Подводная лодка типа «Кит» осторожно всплыла на перископную глубину. По часам. И начала вентиляцию помещений.
Командир корабля осмотрелся. Узкий пролив в бухту Портсмута была как на ладони, подсвеченный огнями маяков и населенных пунктов.
Лодка дала ход и, оставаясь на перископной глубине, благо пролив это позволял, пошла внутрь. Осторожно. Крутя перископом. Движение кораблей здесь не прекращалось ночью, но из-за того, что здесь находилась военно-морская база, в темное время суток оно было сильно ограничено.
Войдя в акваторию бухты подводная лодка самым малым ходом прошла между кораблями и встала, заняв позицию между кораблями и диким берегом, в противоположной стороне от города. Стараясь при этом не подходить близко к приливно-отливным илистым отмелям…
Подводные лодки типа «Кит» обладали двумя особенностями, выделяющими их на фоне большинства иных. Это универсальные контейнеры для постановки мин и специально оборудованный отсек для входа-выхода водолазов.
Трубы позволяли ставить стандартные мины с помощью сменных направляющих. И балласта, который сбрасывался вместе с минами. Ведь стандартная якорная мина имела положительную плавучесть и ее сброс как есть приводил к дифференту. Благодаря этой особенности «Киты» могли ставить практически любые стандартные мины. В том числе и для имитаций во время диверсий.

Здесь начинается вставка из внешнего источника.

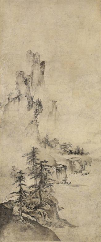 Not on viewThe tradition of ink monochrome landscape painting was brought from China to Japan by merchants and Buddhist monks in the thirteenth or fourteenth centuries. It was initially practiced by monk-painters active in the major Zen temples, but was also appreciated by the secular military elites who ruled Japan at that time. This Japanese scroll closely follows Chinese models. It depicts a mountainous landscape that is sharply defined in the foreground and becomes less distinct in the distance. Evidence of human civilization is visible but is dwarfed by the majestic natural forms. The composition is heavily weighted to one side, and large expanses of empty space give the image an evocative, lyrical quality. Indeed, the scroll belongs to a larger tradition of Chinese and Japanese paintings that were considered to be "poems without sound" and were intended to stimulate the viewer's imagination more than to portray a physical place.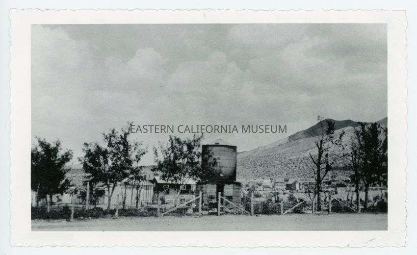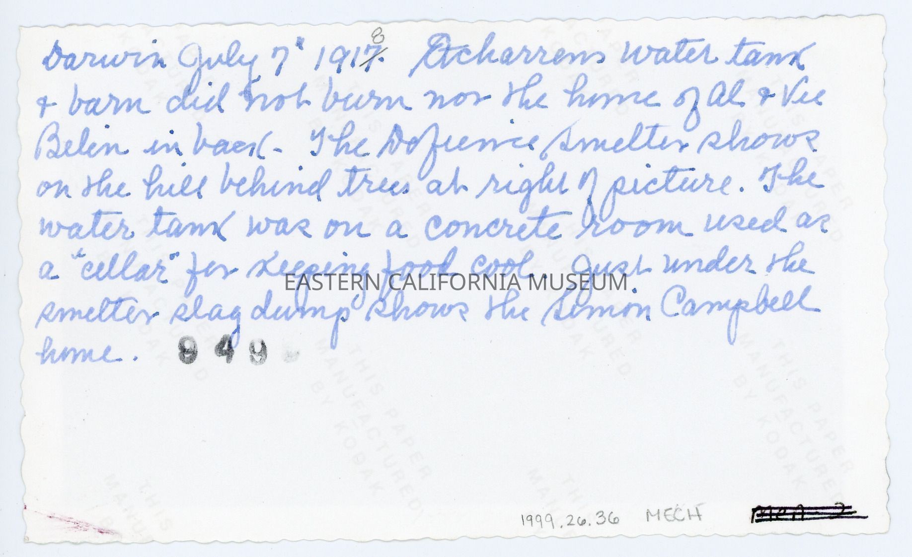 Handwritten on reverse: Darwin July 7, 1917 [crossed out and replaced with 1918]. Etcharren's water tank and barn did not burn or the home of Al and Vie [sp?] Belin in back. The Defiance smelter shows on the hill behind the trees at right of picture. The water tank was on a concrete room used as a "cellar" for keeping food cool. Just under the smelter slag dump shows the Simon Campbell home.Collection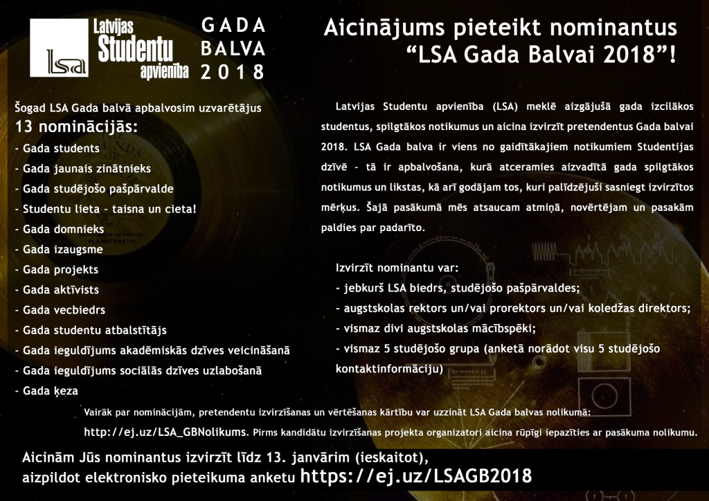 Nominantu pieteikšana pagarināta līdz 16. janvārim. To iespējams izdarīt, aizpildot pieteikuma anketu: ej.uz/LSAGB2018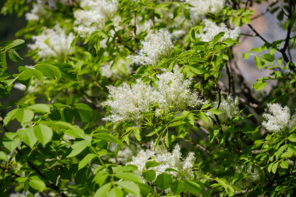 Fraxiuns ornus or ‘Manna Ash’ is a medium sized deciduous tree with beautiful Autumn colours. Buds arrive in spring with an attractive purplish hue, which open into finely serrated leaves . A favourite with pollinators, it produces creamy white flowers on panicles between May and June and clusters of winged nuts later in the year.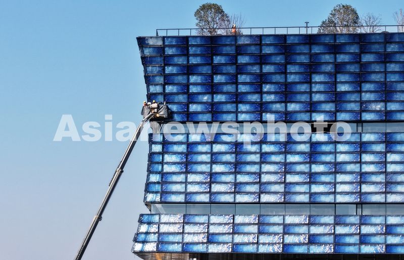 近日,位于杭州的中国京杭大运河博物院外立面蓝色琉璃幕墙铺设基本完工,工人利用晴好天气抓紧时间对蓝色琉璃幕墙进行最后固定作业。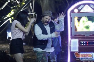 “โอ๊ต ปราโมทย์ ปาทาน” เผยว่าถึงบทบาทที่ตัวเองได้รับ และเอ็มวีตัวนี้ว่า “ต้องถือเป็นความสนุกครบรสมาก ๆ เพราะทุกๆคนมาช่วยกันร้องคนละท่อน สองท่อน โดยในเอ็มวีนี้เราใช้เพลง เงา ของ พี่หรั่ง ร็อคเคสต้า มาเป็นเพลงประกอบภาพยนตร์ครับ เนื้อเพลงท่อนฮุคก็จะร้องว่า วิ่ง ๆๆๆ วิ่ง ๆๆๆ วิ่ง ไป ๆๆ… แล้วทุกคนก็จะวิ่ง ๆๆ ในแบบของตัวเอง ซึ่งก็เข้ากับหนังมาก เพราะในเรื่องทุกคนมีความกลัวผี จนต้องวิ่งหนีกันป่าราบ เริ่มจากที่ ผีเปรมิกา ถามทุกคนว่า ร้องคาราโอเกะได้มั้ย? ทุกคนต้องร้องเพลง ใครร้องดีก็มีรอด ร้องไม่รอดก็มีตาย บอกใบ้ว่าผมก็ได้ร้องเพลง แต่ตายไม่ตายต้องไปดูในโรงภาพยนตร์กัน ผมว่ามันโดนมาก ๆ ส่วนคาแร็คเตอร์ผมในเรื่องชื่อ พี่เคร่ง เป็นช่างภาพฝีมือเทพ เป็นหัวหน้าแก๊งค์ชู๊ตดิ เป็นบริษัทที่เป็นเหมือนโปรดักชั่นไปถ่ายทำมิวสิควิดีโอที่รีสอร์ทที่เกิดเรื่องราวขึ้น ออกจะเป็นคนขี้โมโห ขี้หงุดหงิด ปากจัด ด่าลูกน้อง จะตรงข้ามกับตัวเองนอกจอมาก ๆ ที่เป็นคนปากหวาน จิตใจดี (หัวเราะ) ก็ด่าทั้งเรื่องโดยไม่มีเหตุผล ตอนที่เขาส่งบทมาให้อ่านก็เออแปลกดี ตลกดี ไม่เคยเล่นหนังผี ทำให้กลับไปคิดถึงบ้านผีปอบ น่าสนุกดี นักแสดงที่เล่นกันก็รู้จักกันหมดด้วย ในเรื่องจะไม่เชื่อเรื่องผี จนได้เจอเองก็จะเชื่อ มันมีการพัฒนาของผีนะเป็นผีที่มีมิติ มีทั้งความน่ากลัว ตลก และแปลก สุดท้ายจะได้เห็นเหตุผลว่าทำไมถึงมาเป็นผีแบบนี้ ผมเองในเรื่องนี้ไม่ค่อยตลก แต่ถ้ามองให้ตลกก็ตลก จะตลกในคาแร็คเตอร์ความขี้โมโหแตกต่างจากที่เคยเล่นมาก ไม่เคยเล่นแบบนี้ สุดท้ายก็จะเฉลยว่าทำไมถึงขี้โมโหแบบนี้ ทุกครั้งที่เล่นหนังท้าทายครับ ได้เปลี่ยนอะไรบ้าง เชื่อว่าจะเป็นหนังผีอีกแนวที่ครบทุกอรรถรส เลยอยากให้ดูด้วยมุมของผู้กำกับเป็นคนทำโฆษณา รับรองฮามาก ๆ ลองดูจากเอ็มวีที่ปล่อยออกไป มีมุมมองแปลกใหม่ภาพ สี แสง ไม่ได้เห็นกันบ่อย ๆ เป็นหนังผีทางเลือกใหม่ที่อยากให้ไปชมกันครับ 28 ธันวาคมนี้ในโรงภาพยนตร์ครับ”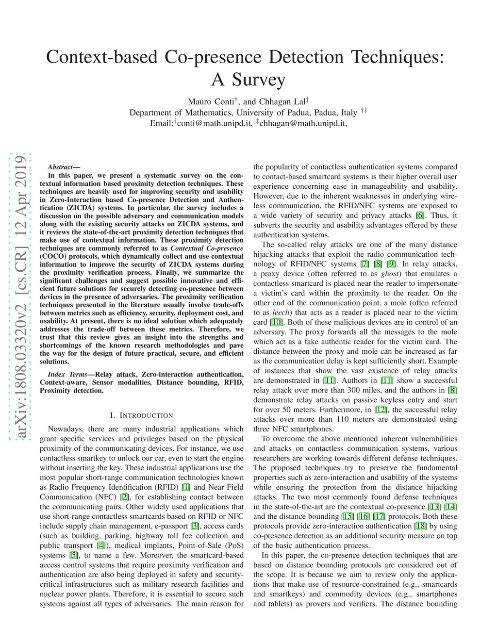 In this paper, we present a systematic survey on the contextual information based proximity detection techniques. These techniques are heavily used for improving security and usability in Zero-Interaction based Co-presence Detection and Authentication (ZICDA) systems. In particular, the survey includes a discussion on the possible adversary and communication models along with the existing security attacks on ZICDA systems, and it reviews the state-of-the-art proximity detection techniques that make use of contextual information. These proximity detection techniques are commonly referred to as Contextual Co-presence (COCO) protocols, which dynamically collect and use contextual information to improve the security of ZICDA systems during the proximity verification process. Finally, we summarize the significant challenges and suggest possible innovative and efficient future solutions for securely detecting co-presence between devices in the presence of adversaries. The proximity verification techniques presented in the literature usually involve trade-offs between metrics such as efficiency, security, deployment cost, and usability. At present, there is no ideal solution which adequately addresses the trade-off between these metrics. Therefore, we trust that this review gives an insight into the strengths and shortcomings of the known research methodologies and pave the way for the design of future practical, secure, and efficient solutions.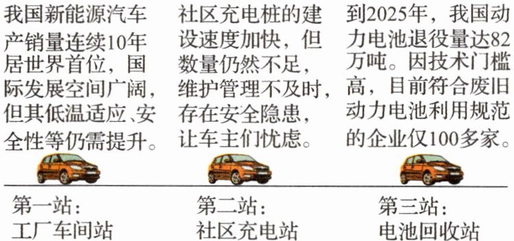 (2)示例:①新能源汽车发展要贯彻落实创新、协调、绿色、开放、共享的新发展理念,实现高质量发展;②新能源汽车发展要践行创新驱动发展战略,提高自主创新能力,解决低温适应和安全性等技术短板问题;③政府应依法行政,发挥管理和服务作用,完善新能源汽车的配套相关基础设施建设;④社区发挥基层居民自治作用,完善日常服务和宣传教育,提升人们的安全意识;⑤新能源汽车企业要发挥科技创新主体地位,优化产业结构,转换经济增长方式,实现产学研深度融合;⑥新能源汽车企业应坚持走绿色发展道路,坚持节约资源和保护环境的基本国策,加强动力电池的循环使用,发挥其在废旧动力电池利用中的作用;⑦新能源汽车企业应积极融入经济全球化,加强国际合作,让中国新能源汽车融入国际市场。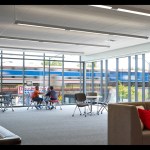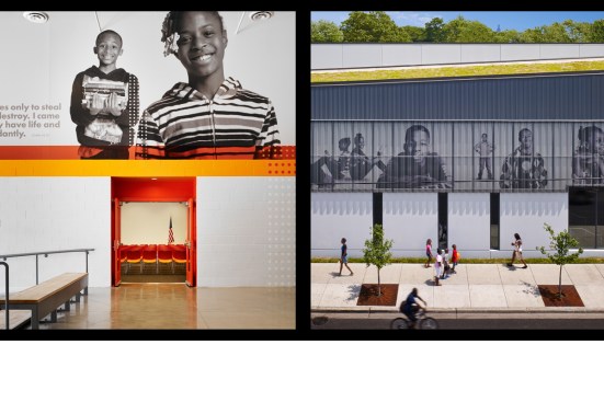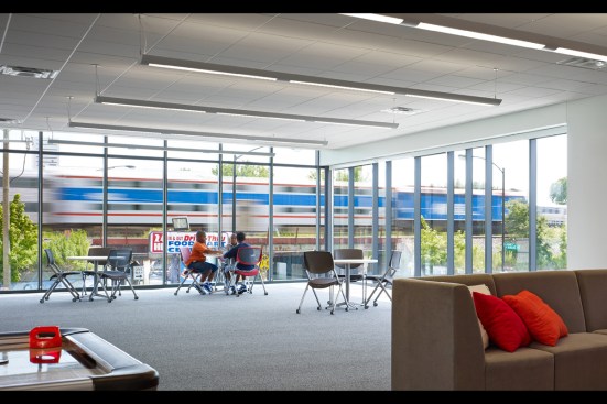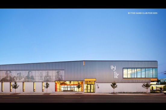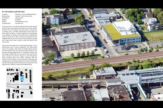 In the summer of 2013, By The Hand Club For Kids opened a brand-new 26,300 square foot facility in the Austin neighborhood. The new facility hosts (8) spacious classrooms, a reading room, sun-filled multipurpose social space for high school students, a bright gymnasium that doubles as a cafeteria, an auditorium and office area. Fulfilling the needs in Austin for a safe, nurturing environment for the neighborhood youth, the site serves 264 students annually and is open seven days a week to meet the needs of the community. The two primary objectives in the building’s design, 1) cost- effectiveness and 2) brand integration. The after-school center was largely constructed of prefabricated systems that decreased costs and improved project delivery. This savings provided opportunity to incorporate larger than life images of BTH kids into the exterior skin and interior space. At dusk the interior imagery is seen through the large storefront glass and creates continuity with the exterior and connection to the community. Through many vantage points, including visibility from the CTA and Metra rail lines, the imagery and the 50% green roof present a new optimism for change in a deserving neighborhood.

Шлюзовой отсек позволял работать на глубинах до двадцати метров. Вот через него сейчас и выходили водолазы специального диверсионного отряда. Своего рода «водоплавающая» версия ССО, которую разворачивали параллельно с сухопутными взводами.
Первый водолаз аккуратно спустился по опущенной в воду лесенке.
Второй.
Третий.
И так далее.
Пока вся группа не оказалась в воде. После чего им стали подавать мины. И, ухватив ее вдвоем, они начинали ее буксировать к цели.